In eighteenth-century America, a girl was expected to grow up, get married, have children, and take care of a home. Because of the limits of her sphere, a girl received a very different education from that available to a boy. In fact, before the advent of widespread public education, in order to receive any education at all a boy or a girl had to be born into the middle or upper classes and have parents who valued education enough to pay for it.
In the first half of the 19th century, boys in the middle and upper classes were taught traditional academic subjects while girls were “schooled” in what was considered “female accomplishments” -music, watercolor painting, comportment, manners, and sewing. For these girls, sewing, or ‘fancy work’ was a required skill and refined art, whereas for girls in the lower classes, knowing how to sew was a basic necessity and a way to gain employment. This made sewing the great leveler. It was a skill shared, although to varying degrees, by women of all economic backgrounds and social classes.
Most young girls learned their needle and thread work at home at a very young age, most probably from their mother and or grandmother, and by five or six might have completed a ‘marking sampler’ to showcase their work and talent. It is called a “marking sampler” because the knowledge gained enabled a needle worker to “mark” such things as clothing and household linens. In addition to improving a student’s embroidery techniques, these samplers, which often contained letters of the alphabet and numerals, were also a way to teach young girls how to form words essential for reading and therefore necessary to the management and operation of her future household.
Depending on a woman’s social class and skill set, sewing was a chore, hobby, or a refined skill, but by the mid-19th century, technology in the form of Isaac Singer’s sewing machine eased the burden for women all over the country, especially for those who depended on sewing for their livelihood and to clothe their families. From 1846 to 1896 the sewing machine went from a circus attraction to a necessity for every household, as you will learn in Alex Askaroff’s article, “The History of the Sewing Machine,” in this month’s issue.
With the mechanization of the sewing process, needle work became a refined skill in the form of decorative showpieces, high-end fashion, and handiwork hobbies such as quilting. embroidery, and knitting, while the basic skill of sewing was relegated to repair work and alterations as more and more of the family’s clothing was purchased ready-made.
The life skills education that young girls once received at home at the feet of their mothers and grandmothers was institutionally turned over to the public school system in the 1900s, when Home Economics was added to the curriculum for young girls while the boys went to Shop Class.

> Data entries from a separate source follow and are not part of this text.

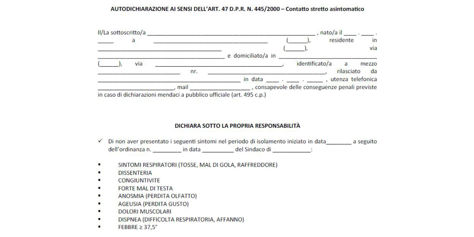 Raggiunto il quattordicesimo giorno di isolamento senza sintomi, chi non sia stato contattato potrà presentare un'autodichiarazione in Comune permettendo così al Sindaco di togliere l'ordinanza.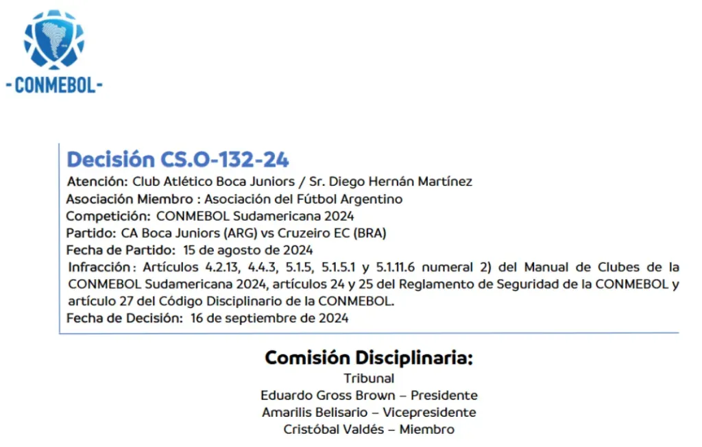 CONMEBOL le aclaró a Boca que, en caso de reiterarse cualquier infracción similar a la de este hecho, la Comisión Disciplinaria podrá determinar un cierre parcial o total del estadio para su siguiente partido en condición de local.
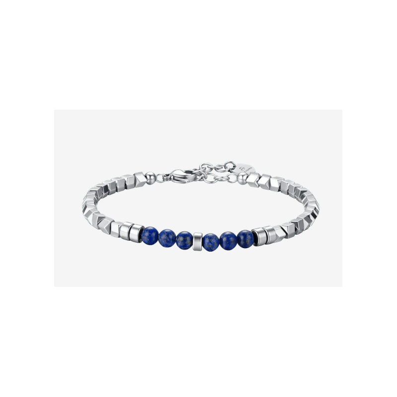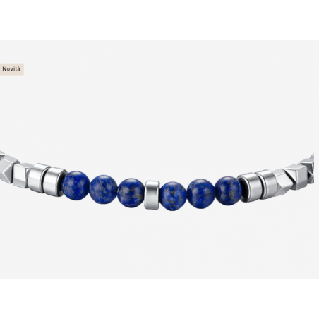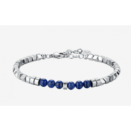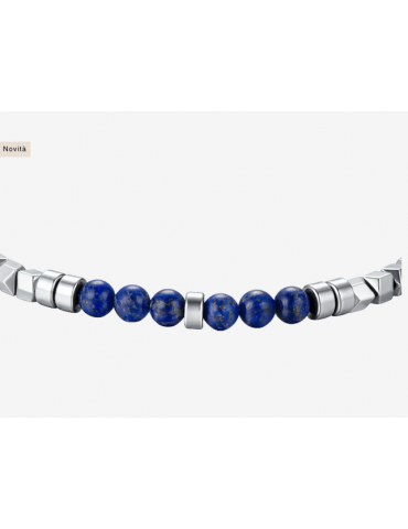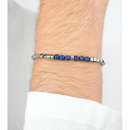 BRACCIALE UOMO IN ACCIAIO CON EMATITE SILVER E PIETRE BLU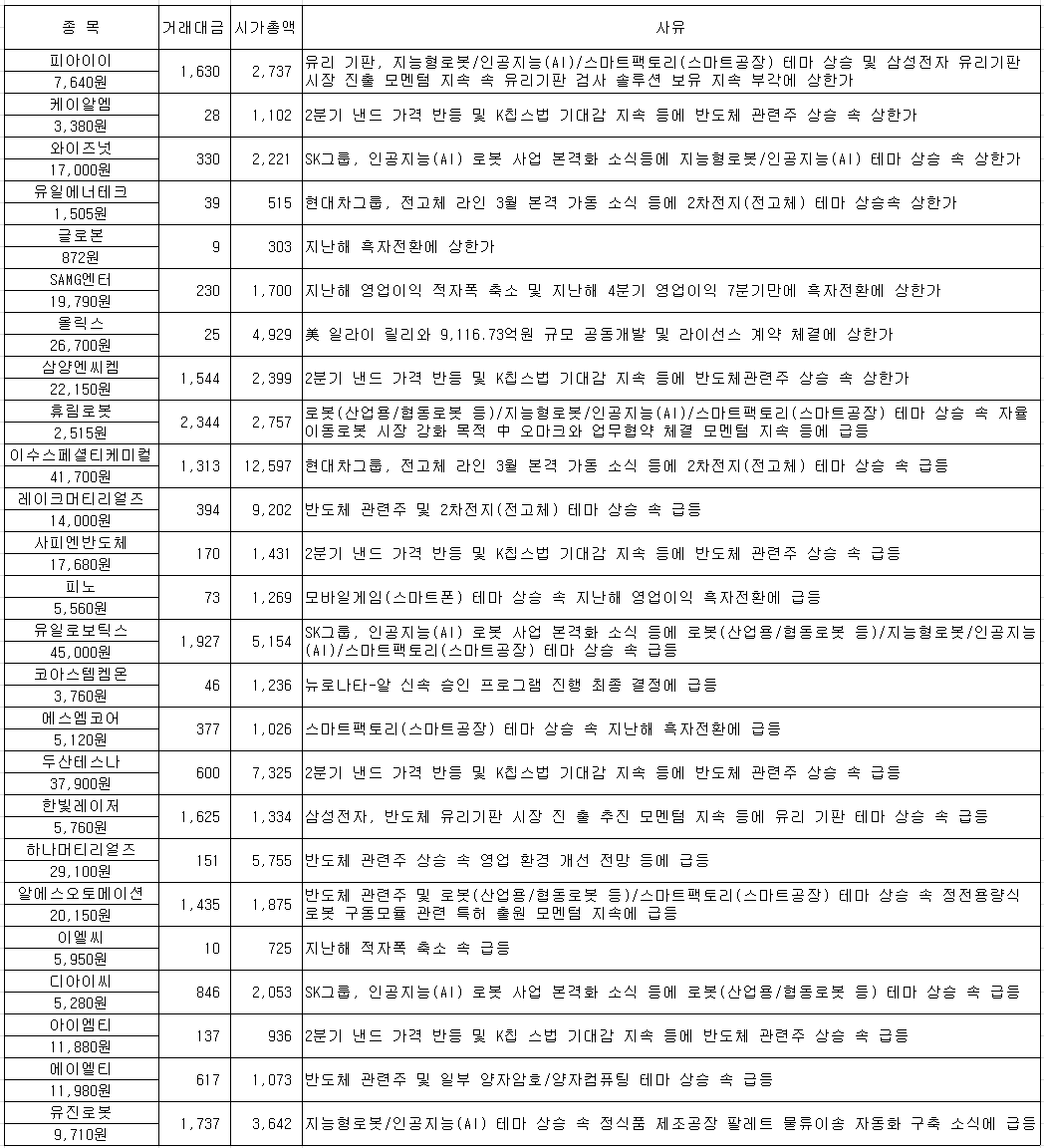 #어보브반도체 #아모센스 #전진건설로봇 #피아이이 #대동기어 #심텍 #에이엘티 #에스오에스랩 #올릭스 #제...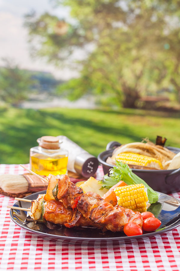 When hosting an outdoor cookout, prep as much as you can in advance. Wash and cut fresh fruits and vegetables, marinate beef and poultry, and cook whole grains a day or two ahead of time.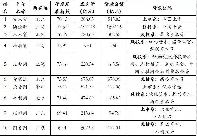 表12017年排名前十的P2P平台统计,无一是单纯的民营系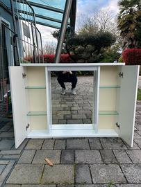 Vendo elegante mobile bagno con specchio centrale e due pratici vani laterali con ante, completi di ripiani interni in vetro. Struttura colore bianco, design pulito e moderno, adatto a bagni contemporanei o classici. Il mobile è composto da: * Ampio specchio centrale * Due armadietti laterali con ante * Ripiani interni in vetro per cosmetici e accessori * Luce superiore integrata * Struttura solida e ben tenuta 📏 Ideale come mobile contenitore salvaspazio, molto comodo e funzionale. Condizioni molto buone, come da foto. Perfetto per chi sta arredando o rinnovando il bagno senza spendere cifre elevate. 📍 Ritiro a mano. 💰 Prezzo trattabile.

The Home Economics curriculum was designed to teach young girls to be good housekeepers and wives, and provide them with life skills deemed appropriate for the times: cooking, sewing, baking, cleaning, and an understanding of household management. It was also designed to help young women gain useful employment and live independently as a 20th century industrialized nation welcomed young women into the workforce for office, retail, and factory work.
This gender-based option remained a requirement and the norm in public education until the 1960s and the Feminist Movement. Today, these basic skills are part of the curriculum of classes more aptly labeled Family Studies, Food and Nutrition, Health and Safety, Family and Consumer Science, and Household Science.
While the basics of sewing were provided through the public education system through the first half of the 20th century, such needle work skills as embroidery, knitting, and quilting as an inter-generational hobby, form of artistic expression, and craft continued on a path of its own as a past-time, trade, skill and cultural art form; however, by the mid-1950s, access to skilled educators of traditional execution was limited to a new generation of crafters and long-time needle workers looking to learn new skills. And then along came Erica Wilson, “the Julia Child of Embroidery.” If you have not heard of Erica Wilson before, you soon will as Winterthur Museum gears up for a new book and exhibition on her life and work. Start your education with Linda Eaton’s article, “Erica Wilson: A Life in Stitches,” in our August issue.
While the importance and perception of all women learning at least basic sewing skills has changed over time, there is no doubt that needle work as an art form and craft continue to attract new crafters, fans, and now collectors to the hobby. In this issue we look back on two centuries of needle work, and the stories, makers, and technology behind collectible objects made of needle and thread.